Один из официантов, лысеющий парень по имени Джордж, с удивлением посмотрел на меня. Они с Лиз обменялись взглядами:
– На… человека?
– За бутылку, – уточнила я.
Он громко рассмеялся:
– Это в среднем.
– То есть если человек тратит более пяти сотен за бутылку, мы говорим: «Этот человек тратит по-крупному», – пояснила Лиз. – Я, скорее всего, помечу, какое вино он заказывал, и, когда он снова позвонит, чтобы заказать столик, мы увидим эту пометку и попробуем организовать для него бронь, потому что он уже приходил и много тратил… У нашей команды есть свои годовые и ежемесячные планы по продажам. Кроме того, его счет повлияет на общую выручку за вечер, а поскольку мы собираем чаевые в общий котел и потом делим на всех, то чем больше сумма счета, тем выше чаевые. А это значит, все получают больше денег.
Лиз заметно воодушевилась и просканировала взглядом обеденный зал.
– Пойду пройдусь, – сказала она и удалилась скользящей походкой.

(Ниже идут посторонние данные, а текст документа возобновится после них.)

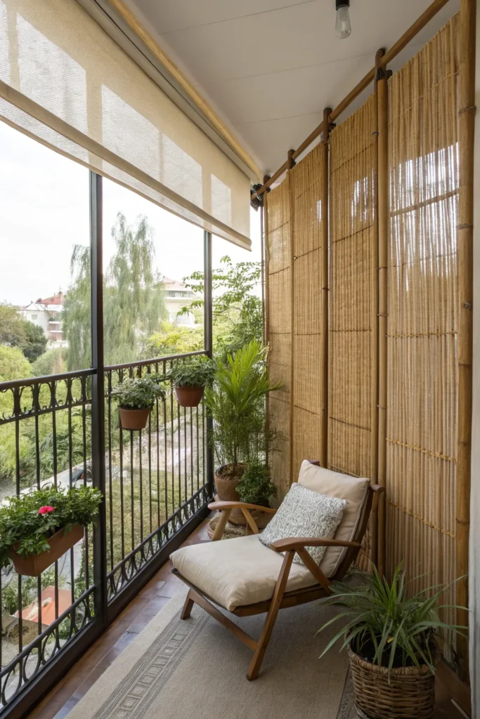 Many apartment balconies face neighbors or busy streets, making privacy a common concern. Instead of solid barriers that block light, opt for lighter solutions like sheer outdoor curtains, bamboo screens, or tall plants.
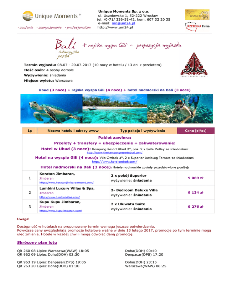 • zaufanie • zaangażowanie • profesjonalizm Unique Moments Sp. z o.o. ul. Uczniowska 1, 52-222 Wrocław tel. /0-71/ 336-51-42, kom. 607 32 20 35 e-mail: [email protected] http://www.um24.pl _____________________________________________________________________________________ + rajska wyspa Gili - propozycja wyjazdu Termin wyjazdu: 08.07 - 20.07.2017 (10 nocy w hotelu / 13 dni z przelotem) Ilość osób: 4 osoby dorosłe Wyżywienie: śniadania Miejsce wylotu: Warszawa Ubud (3 noce) + rajska wyspa Gili (4 noce) + hotel nadmorski na Bali (3 noce) Lp Nazwa hotelu i adresy www Typ pokoju i wyżywienia Cena [zł/os] Pakiet zawiera: Przeloty + transfery + ubezpieczenie + zakwaterowanie: Hotel w Ubud (3 noce): Kampung Resort Ubud 3*, pok. 2 x Suite Valley ze śniadaniami http://www.thekampungresortubud.com/ Hotel na wyspie Gili (4 noce): Vila Ombak 4*, 2 x Superior Lumbung Terrace ze śniadaniami http://www.hotelombak.com/ Hotel nadmorski na Bali (3 noce): Hotele nadmorskie zostały przedstawione poniżej: Keraton Jimbaran, 1 Jimbaran http://www.keratonjimbaranresort.com/ Lumbini Luxury Villas & Spa, 2 Jimbaran http://www.lumbinivillas.com/ Kupu Kupu Jimbaran, 3 Jimbaran http://www.kupujimbaran.com/ 2 x pokój Superior wyżywienie: śniadania 2- Bedroom Deluxe Villa wyżywienie: śniadania 2 x Uluwatu Suite wyżywienie: śniadania 9 069 zł 9 134 zł 9 276 zł Uwaga! Dostępność w hotelach na proponowany termin wymaga jeszcze potwierdzenia. Powyższe ceny uwzględniają promocje hotelowe ważne w dniu 13 lutego 2017, promocje po tym terminie mogą ulec zmianie. Hotele w każdej chwili mogą odwołać daną promocję. Skrócony plan lotu QR 260 08 Lipiec Warszawa(WAW) 18:05 QR 962 09 Lipiec Doha(DOH) 02:30 Doha(DOH) 00:40 Denpasar(DPS) 17:20 QR 963 19 Lipiec Denpasar(DPS) 19:05 QR 263 20 Lipiec Doha(DOH) 01:30 Doha(DOH) 23:15 Warszawa(WAW) 06:25 Cena wyjazdu (za osobę) zawiera: - przelot w 2 strony z Warszawy na Bali ze wszystkimi opłatami renomowanymi liniami - przywitanie na lotnisku przez polskiego rezydenta, przekazanie najważniejszych informacji i karty do telefonu oraz transfery luksusowym mini-busem na trasie lotnisko-hotel-lotnisko oraz hotel-port-hotel - transfery szybką łodzią motorową pomiędzy Bali a Gili Trawangan - zakwaterowanie w wybranych hotelach w Ubud (3 noce), na Gili Trawangan (4 noce) i na Bali (3 noce) - opiekę profesjonalnego polskiego rezydenta na Bali - ubezpieczenie KL(30.000 EUR), NNW(NWI 15.000 PLN i NWS 7.500 PLN) oraz bagażu (2.000 PLN)TU Signal Iduna - najwyższej jakości obsługę podczas wyjazdu Cena nie zawiera: - dodatkowych atrakcji i wycieczek - dodatkowych napoi i posiłków Warunki płatności: - I rata w wysokości 30 % wartości rezerwacji przy dokonaniu rezerwacji (po wpłacie I raty wystawiamy w 24h ‘elektroniczne bilety lotnicze’ (w 2 strony)). - II rata w wysokości 70 % wartości rezerwacji na 30 dni przed planowanym wyjazdem Oferta wymaga potwierdzenia, ze względu na brak rezerwacji biletów lotniczych. Do rezerwacji biletów wymagane są imiona i nazwiska wszystkich potencjalnych pasażerów. Istnieje możliwość wystawienia faktury VAT (VAT 0%). Treść usługi do uzgodnienia. Decydując się na wyjazd z naszym Biurem otrzymuje Pani rabat w wysokości 2,5% ważny 1 rok na inne egzotyczne kierunki. Zapraszamy! Oferta ważna do dnia 15.02.2017r.

В отличие от других ресторанов, здесь Лиз, Виктория и Франческо не были закреплены за определенными секциями зала. В Marea до такой степени ценили своих РХ и личные отношения, что предоставляли сомелье полную свободу перемещения по залу, позволяя им ухаживать за хорошо известными им постоянными клиентами независимо от того, за каким столиком те сидели. Эти винные РХ пользовались гораздо более широким кругом привилегий, чем просто индивидуальный подход и возможность получить столик. Одного РХ, постоянного гостя и известного выпивоху, однажды вырвало прямо в обеденном зале; в другой раз он запихнул себе под рубашку целую рыбину; и нередко он развлекался тем, что отпускал непристойности в адрес официантов и сомелье женского пола. Ему не закрыли доступ в ресторан – лишь перестали подпускать к нему обслуживающий персонал женского пола.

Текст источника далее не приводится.